"It was both the best and worst project of my career," Deke Hazirjian claims of his lighting design for Bannerman Castle, a 19th-century warehouse whose facade, modeled after Scottish edifices, adds beauty to the Hudson Valley, NY, community where he lives. The illumination (pictured) was part of Riverfest, a celebration held in June that was dedicated to local efforts to rediscover the historic waterfront.

The LD is the president of New York City Lites (NYCL), whose credits include the lighting of the Fox News Channel in Manhattan. NYCL joined forces with Roy Sears of Scenic Technologies to fund the event, in the planning stages since midwinter. Riverfest eventually included smoke machines, synchronized music provided by local radio stations, and a bagpipe player.
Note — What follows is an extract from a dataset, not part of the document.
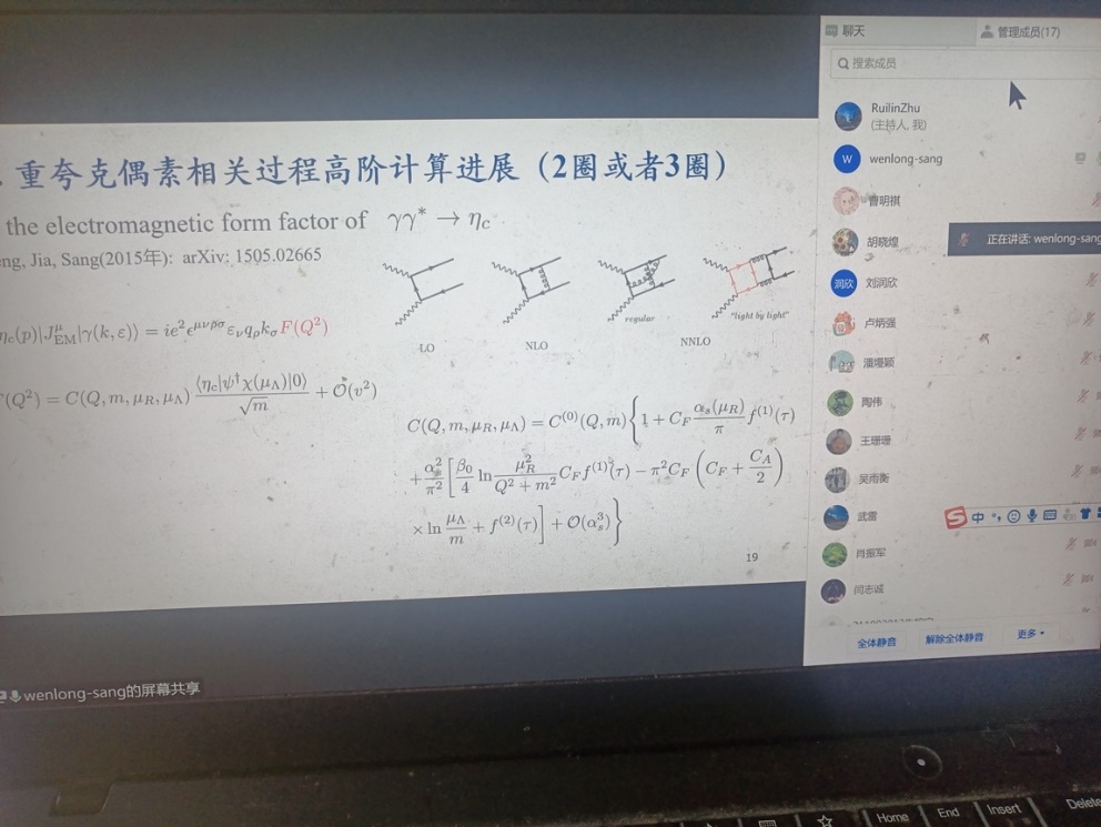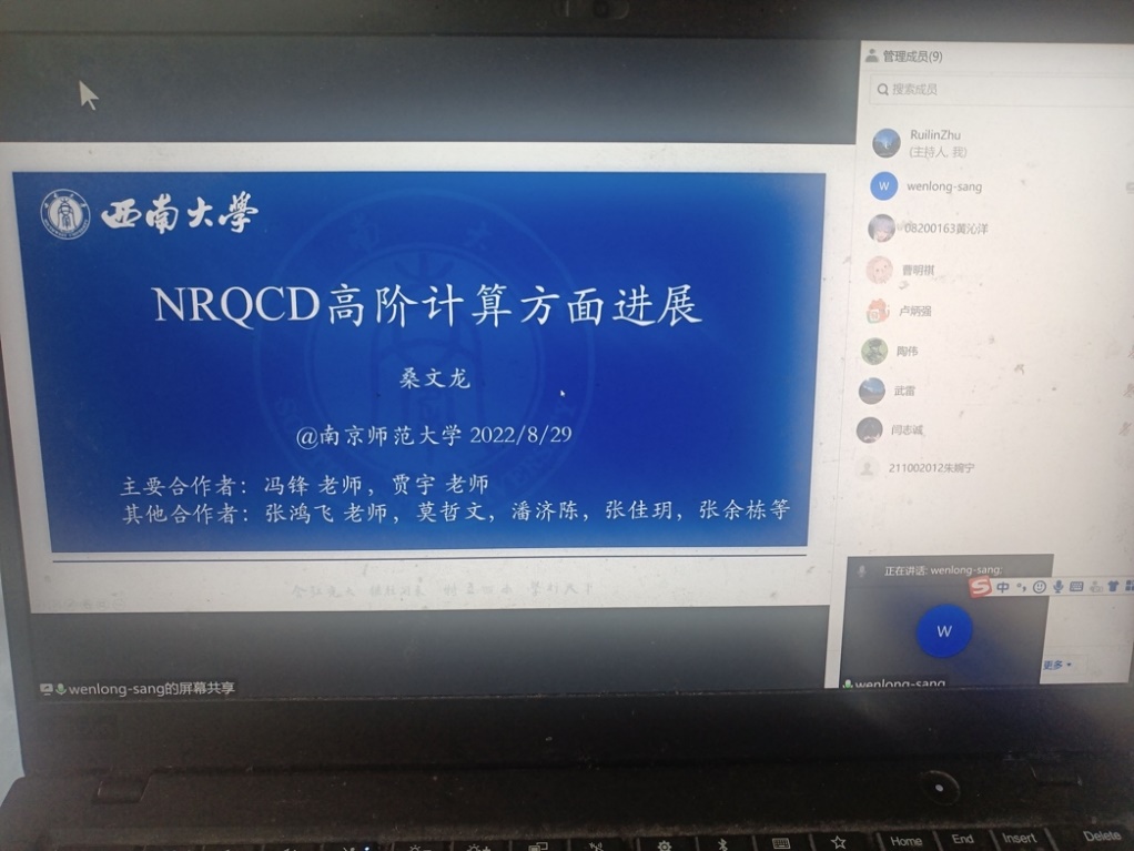 在报告过程中,桑文龙教授首先采用通俗易懂的方式对NRQCD因子化理论做了介绍。然后基于NRQCD因子化理论,桑文龙教授报告了国内外关于重夸克偶素物理高阶修正的最前沿成果。包含有重夸克偶素产生过程、衰变常数、遍举和单举等一系列衰变过程的二圈和三圈修正。桑文龙教授也介绍了NRQCD因子化定理,相关计算过程中的紫外和红外发散性质,以及相应的重整化和因子化公式。最后桑文龙也提到最新的三圈修正计算表明重夸克偶素一些过程的微扰收敛性不是很友好,挑战了传统的观点,这些问题使得我们需要对传统的理论做进一步认识和理解。桑文龙教授的报告内容丰富、详实深刻、精彩生动,在线的师生均表示受益匪浅。在场师生积极参与提问、讨论,线上报告会在热烈的气氛中圆满结束。

It also required the services of the local yacht club, a barge, two generators, and manpower drawn from NYCL and the Production Resource Group, parent company of Scenic Technologies and Bash Lighting Services, which provided "miles of cabling," the LD says.

"I didn't want to get involved with this project unless I could do it right," Hazirjian explains, "even if that meant costing me money. The local community [which also co-sponsored the event, and contributed volunteer assistance] originally had no idea what the scope of the project could be. It represented a civic duty. And of course, when you first look at a project, you don't always think about the logistics."

The most difficult problems stemmed from the location: The island that houses the castle is only accessible during high tide. "We needed to be able to change pattern, color, and focus, all with limited power. And we couldn't get the army to helicopter our equipment in," Hazirjian jokes. Instead, the crew used a barge, which, aside from instruments supplied by Vari-Lite ("the company gave us a really generous price"), included Bash's cabling and two generators, one of which ran out of power and had to be refueled by hand only hours before the event. The island is also covered with poison ivy, which forced the crew to be on their toes.

They also spent many rain-drenched hours in the dark, protecting lights and building platforms to keep equipment from sinking in the mud. Despite this, Hazirjian "would love to have another shot at lighting it. Now that we know our limitations, I want to try it differently. I want to do something that will make jaws drop."